The Regulatory Impact Assessment (RIA) regulation is a milestone for the improvement of regulatory quality from federal public entities in Brazil. RIA is a mechanism for the decision-making process in the Public Administration, it rationalizes and establishes a procedure for public entities.
RIA was introduced in Brazilian regulation in 2016 when the Brazilian National Land Transport Agency (ANTT) published its guidelines on the matter. RIA’s evolution, however, began effectively in 2017. The Federal Government, through Federal Decree #9,203/2017, introduced a new governance policy in the country. The new policy was the trigger for changes in Brazilian regulatory practices. It sets regulatory improvement, liability, and transparency as grounds for all federal administrative acts.
Following the Federal Decree, in 2017, several regulatory agencies issued sectorial rules and RIA guidelines. The Chief of Staff Office published an RIA guideline to standardize the matter in 2018. It was the first major centralized movement for RIA in Brazil.
In 2019, the entry into force of the Brazilian Declaration of Economic Freedom Rights (Law #13,874/2019) and the Regulatory Agencies Statute (Law #13,848/2019) legally introduced RIA as a mechanism for improving regulatory quality in Brazil. Federal Decree #10,411/2020 publication brought to Brazilian Legal System RIA’s detailed regulation. However, the Decree is not in force yet. The following table shows when it’s application will be mandatory in the federal level.
The Decree defines RIA as a procedure to be conducted before a new government regulation is introduced. RIA starts from the definition of the regulatory problem by the public administration. The procedure gathers data and information for decision-making, improving the quality of the potential regulation.
RIA’s new regulation is not applicable in Brazil for the Legislative Branch and for States and Municipalities that may regulate RIA according to its own rules due to federative autonomy.
Sectoral regulation, as such from Federal Agencies, was the option in the regulatory model chosen by the Government. The Federal Decree only establishes general guidelines for the procedure and does not restrict sectorial regulation of agencies and public entities. Those regulations will be necessary for applying the general guidelines. Other methodologies regarding regulatory quality are also encouraged to be regulated, if the concern with regulatory quality and efficiency in decision-making process is maintained.

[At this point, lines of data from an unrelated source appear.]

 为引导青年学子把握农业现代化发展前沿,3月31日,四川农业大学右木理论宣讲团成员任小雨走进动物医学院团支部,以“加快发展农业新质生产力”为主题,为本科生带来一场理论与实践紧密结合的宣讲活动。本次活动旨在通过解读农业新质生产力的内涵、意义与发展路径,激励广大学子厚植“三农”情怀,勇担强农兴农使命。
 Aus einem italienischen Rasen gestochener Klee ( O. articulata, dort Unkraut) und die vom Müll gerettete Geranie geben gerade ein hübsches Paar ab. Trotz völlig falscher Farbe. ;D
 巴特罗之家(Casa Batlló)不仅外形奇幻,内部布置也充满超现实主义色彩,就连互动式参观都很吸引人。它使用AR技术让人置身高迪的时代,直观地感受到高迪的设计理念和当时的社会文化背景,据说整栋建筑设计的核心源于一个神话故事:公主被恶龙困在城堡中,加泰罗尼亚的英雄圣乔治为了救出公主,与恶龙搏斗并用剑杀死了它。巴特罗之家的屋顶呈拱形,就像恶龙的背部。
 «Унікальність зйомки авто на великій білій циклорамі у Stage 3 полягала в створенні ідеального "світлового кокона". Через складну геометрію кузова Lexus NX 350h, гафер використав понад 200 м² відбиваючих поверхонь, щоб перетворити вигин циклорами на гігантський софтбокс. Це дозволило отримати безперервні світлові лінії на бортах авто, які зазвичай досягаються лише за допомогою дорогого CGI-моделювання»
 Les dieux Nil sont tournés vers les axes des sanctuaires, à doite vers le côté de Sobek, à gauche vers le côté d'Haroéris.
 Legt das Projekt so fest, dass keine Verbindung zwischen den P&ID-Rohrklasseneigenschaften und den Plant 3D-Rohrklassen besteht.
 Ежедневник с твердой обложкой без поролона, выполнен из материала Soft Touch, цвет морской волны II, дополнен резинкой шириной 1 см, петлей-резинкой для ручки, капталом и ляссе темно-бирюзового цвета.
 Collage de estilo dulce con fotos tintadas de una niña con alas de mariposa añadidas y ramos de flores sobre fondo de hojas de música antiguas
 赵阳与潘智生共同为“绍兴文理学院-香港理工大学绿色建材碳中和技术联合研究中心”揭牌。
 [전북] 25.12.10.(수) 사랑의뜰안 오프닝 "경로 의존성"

The key point of the Federal Decree is to standardize basic steps of RIA’s procedure. It incorporated the structure of the Chief of Staff´s Office RIA Report, defining the minimum content to be presented as the procedure result.
Although the RIA is the rule, there are exceptions provided by the Decree, divided into two categories.
The first category lists exclusions. For the acts provided in the second paragraph of the 3rd Article, RIA will not be required. This was a discretionary choice of Federal Government. Sectoral regulation may provide further details on the list, as the acts were generally considered, to adapt the exclusions for each regulated sector.
Those are acts (i) of internal processing of the entities; (ii) concrete effects; (iii) budgetary and financial execution; (iv) exchange and monetary policy; (v) on national security; (vi) that aim to consolidate other rules on specific matters but do not change the merits.
The second category is the RIA waiver. RIA procedure could be conducted in the cases provided by the Decree; however, public administration may waive it due to external factors or potential harm in performing the procedure. Sectoral regulation will be important to define broad terms of the Decree, such as "low impact act".
The waive hypotheses are for: (i) urgent acts; (ii) acts that strictly discipline rights of a higher hierarchical norm, without decision-making space; (iii) low impact acts; (iv) acts that repeal or updating of obsolete rules; without change the merit; (v) acts related to financial matters, to preserve liquidity, solvency or health in the insurance, reinsurance, capitalization and private pension markets; financial, capital and foreign exchange markets; or payment systems; (vi) acts that adapt national regulation to international standards; (vii) acts that reduce requirements, obligations, restrictions, requirements or specifications in order to reduce regulatory costs; and (viii) acts that revise outdated rules to adapt them to internationally consolidated technological development.
The Decree provides the Measuring Regulatory Performance (ARR) as a complementary procedure for evaluating the impact of regulation and regulatory policy. The mechanism is used to monitor the results of regulatory actions. Even in cases of RIA waiver, ARR has to be conducted within three years, counting from the date the rule comes into force.
Each entity will comply with the criteria proposed by the Decree to conduct ARRs. It considers (i) the level of impact on the country's economy generated by the regulation; (ii) the relevance of the matter; (iii) the existence of problems generated by the regulation enacted; and (iv) the validity of the regulation (minimum of five years).
ARRs must be public and the procedure documents have to be available on the website of each entity. It aims to guarantee the transparency of administrative performance.